The easiest way is just to put Masonite over the floor. If it is a big enough area it won't need to be screwed or nailed down. A line of tape at the edges should be enough to hold it in place. I don't recommend building anything such as 4x8 platforms that you are planning on screwing or nailing into. If that piece that is screwed down tips over there is a greater chance that the sub floor could come up with it as well. I hope this helps some.


----------



## Footer (Jul 31, 2012)

farmerjo1111 said:


> The easiest way is just to put Masonite over the floor. If it is a big enough area it won't need to be screwed or nailed down. A line of tape at the edges should be enough to hold it in place. I don't recommend building anything such as 4x8 platforms that you are planning on screwing or nailing into. If that piece that is screwed down tips over there is a greater chance that the sub floor could come up with it as well. I hope this helps some.

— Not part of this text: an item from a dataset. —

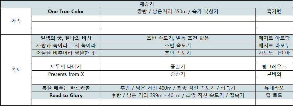 - 초반 속도기를 놓치더라도 종근경 구간에 발동하는 계승기나 내리막에 신경을 쓰는 것도 괜찮다고 생각한다.
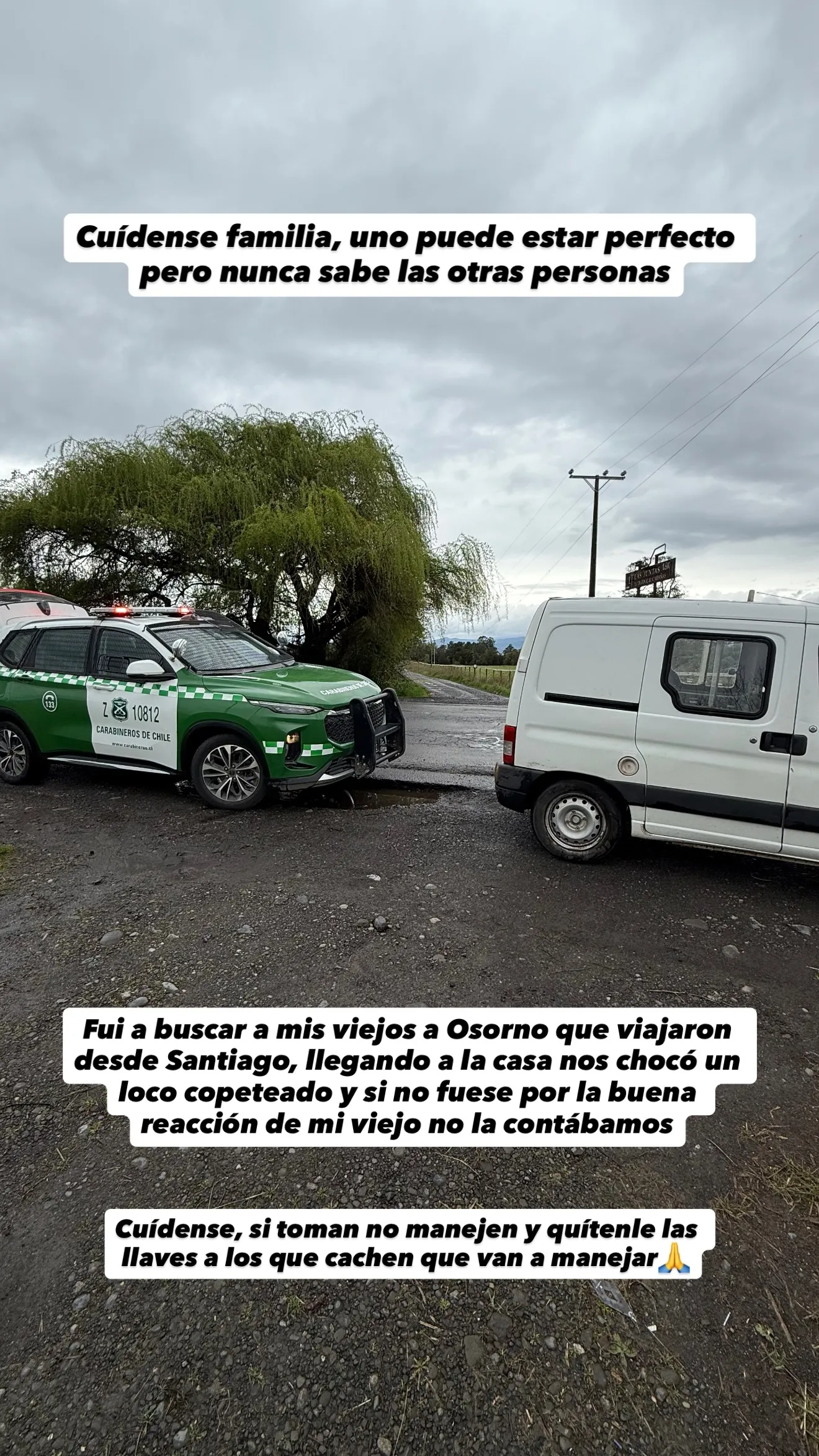 “Fui a buscar a mis viejos a Osorno que viajaron desde Santiago, llegando a la casa nos chocó un loco copeteado y si no fuese por la buena reacción de mi viejo no la contábamos”, añadió Lucas Nervi.

You can also have the best of both worlds. Lay 3/4" OSB running US/DS. Don't screw the OSB into the deck. Then, lay 1/4" maso going SL/SR attaching it to the OSB with 3/4" screws. Its a pain to do, but it does work. Not something I would want to have to do more than about once a year. The taped maso thing will work as well. You could also do painted floor drops and tack it.


----------



## Morte615 (Jul 31, 2012)

Or use Marley and tape the seams to keep it from parting. We use this technique on a few stages during the Halloween Event changeover to protect the original floor.


----------



## Van (Jul 31, 2012)

I used to have a similar problem at a theater where they had installed vinyl-linoleum on the stage floor. Why, (you might be heard to ask) would anyone do that ? Because they wanted to "..be able to do Ballet" No Joke. 
Anyway, I couldn't screw into the deck at all so I built a set of platforms that covered the entire deck DS to US Left to right the whole deck was raised 4 1/2". Depending on your money situation, manpower issues and load in / run times, you might want to consider just laying a deck of 3/4" MDF down then a layer of 1/4" MDF over that at right angles. If you put double stick tape under one edge then makes sure that edge is perfectly square you can lay the rest of the sheets down leaving a pennies thickness between each sheet this will keep the floor from squeaking. cool thing with pennies is you can just leave them inbetween the sheets and collect them all when you strike, or not, since they're pennys you're not out much


----------



## derekleffew (Aug 1, 2012)

This may be more than you've bargained for Pradeep, but...
From the wiki entry for sprung floor:

> Description of one floor, from a Broadway touring show, as told by a technician on the Stagecraft Mailing List:
> 
> > We troupe a 64'x29'-5" sprung dance floor similar to this; as a
> > touring floor, it is by definition "modular and portable."
> ...



Since you mentioned using Roto Lock s to attach together, you'll need at least 1/4" then 5/8" (?) for the thickness of the lock, then another 1/4". I think I'd first try 1/4" "'Masonite'-type sheetgood" or MDF. Gaffers tape upside down under the sheets, and gaffers tape on top.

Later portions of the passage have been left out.